▼

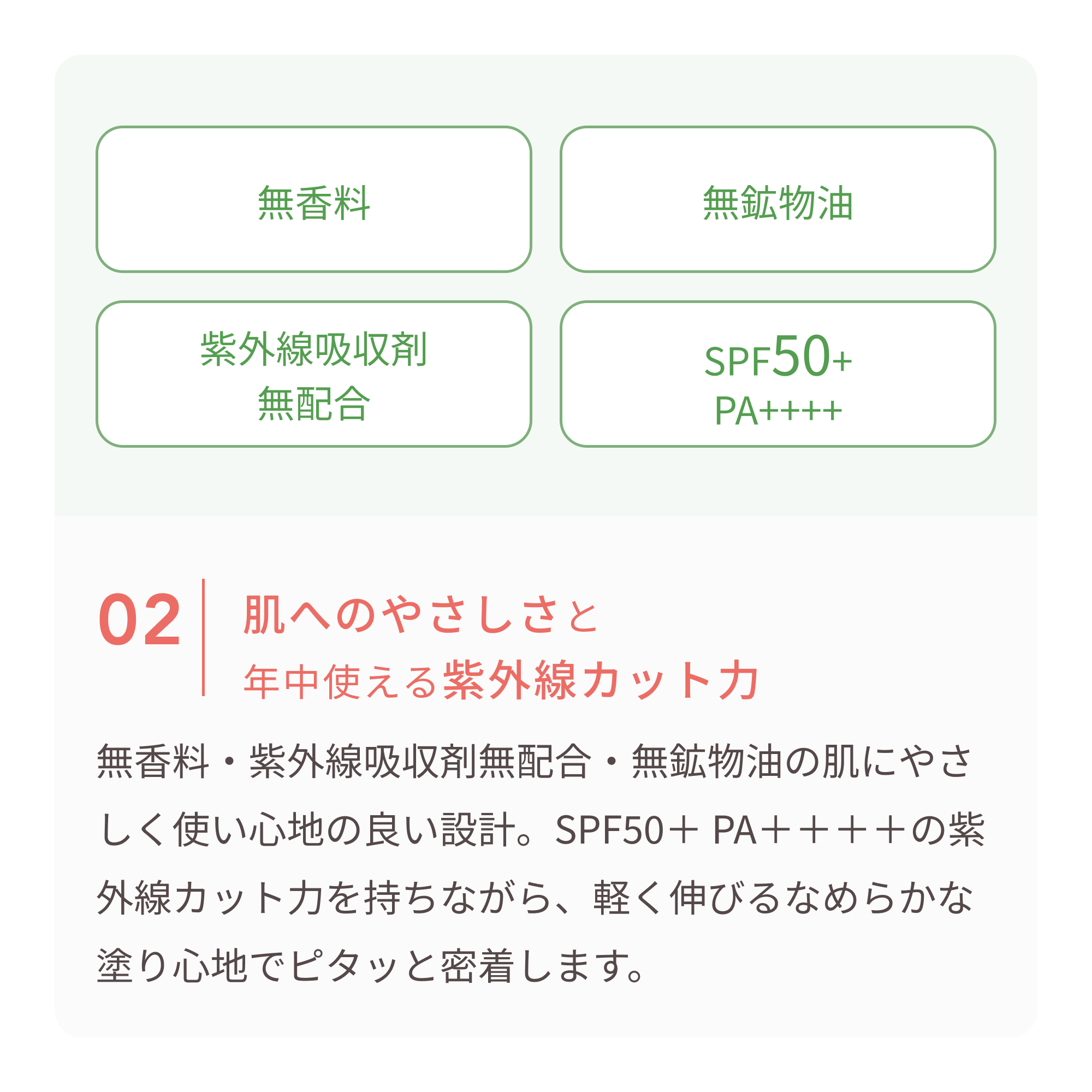 無香料・紫外線吸収剤無配合・無鉱物油の肌にやさしく使い心地の良い設計。SPF50+ PA++++の紫外線カット力を持ちながら、軽く伸びるなめらかな塗り心地でピタッと密着します。
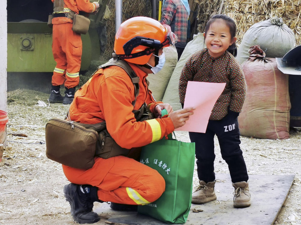 1月11日,森林消防员在肃南裕固族自治县西柳沟村向小朋友讲解消防知识。新华社记者张新新摄
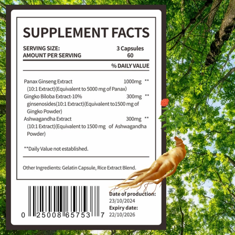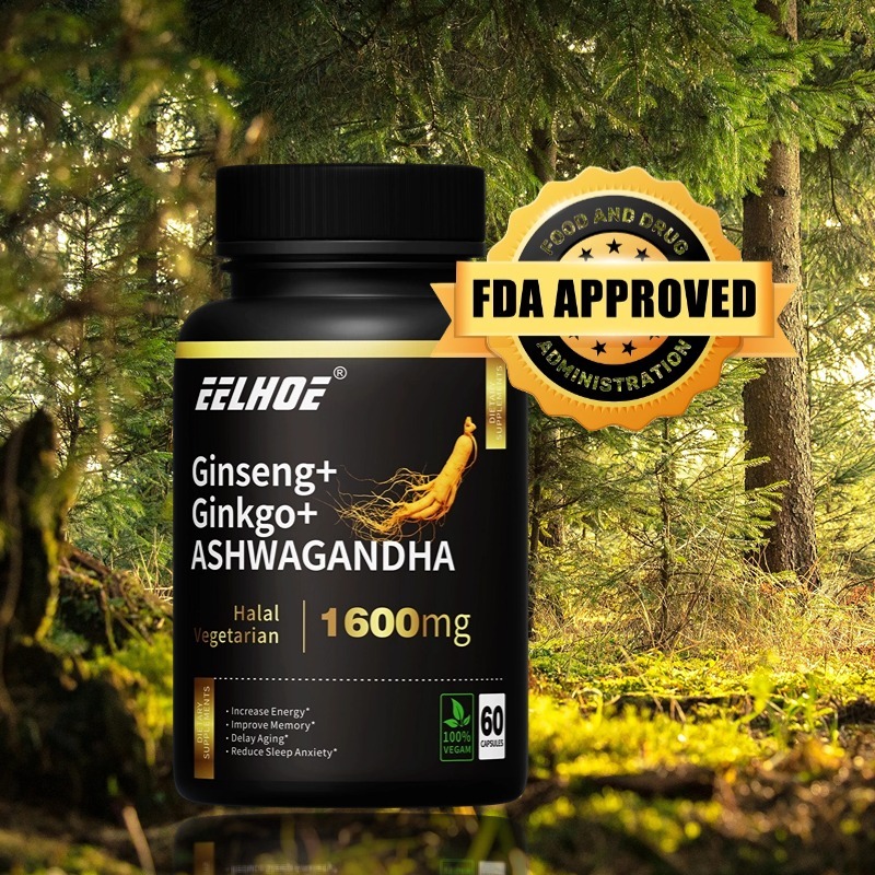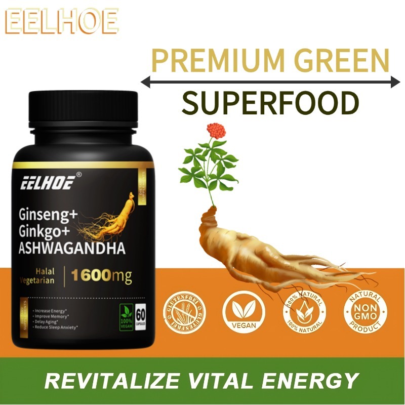 Ginseng, Ginkgo Biloba, Ashwagandha 1600 mg Meningkatkan sirkulasi darah, daya ingat dan konsentrasi

▲

• _PROBLEM_:
Where the line containing "1月11日,森林消防员在肃南" appears above, start there and set down each line exactly through the last line of the data; leave out every picture.

• _RESULT FOR THIS TASK_:
 1月11日,森林消防员在肃南裕固族自治县西柳沟村向小朋友讲解消防知识。新华社记者张新新摄
 Ginseng, Ginkgo Biloba, Ashwagandha 1600 mg Meningkatkan sirkulasi darah, daya ingat dan konsentrasi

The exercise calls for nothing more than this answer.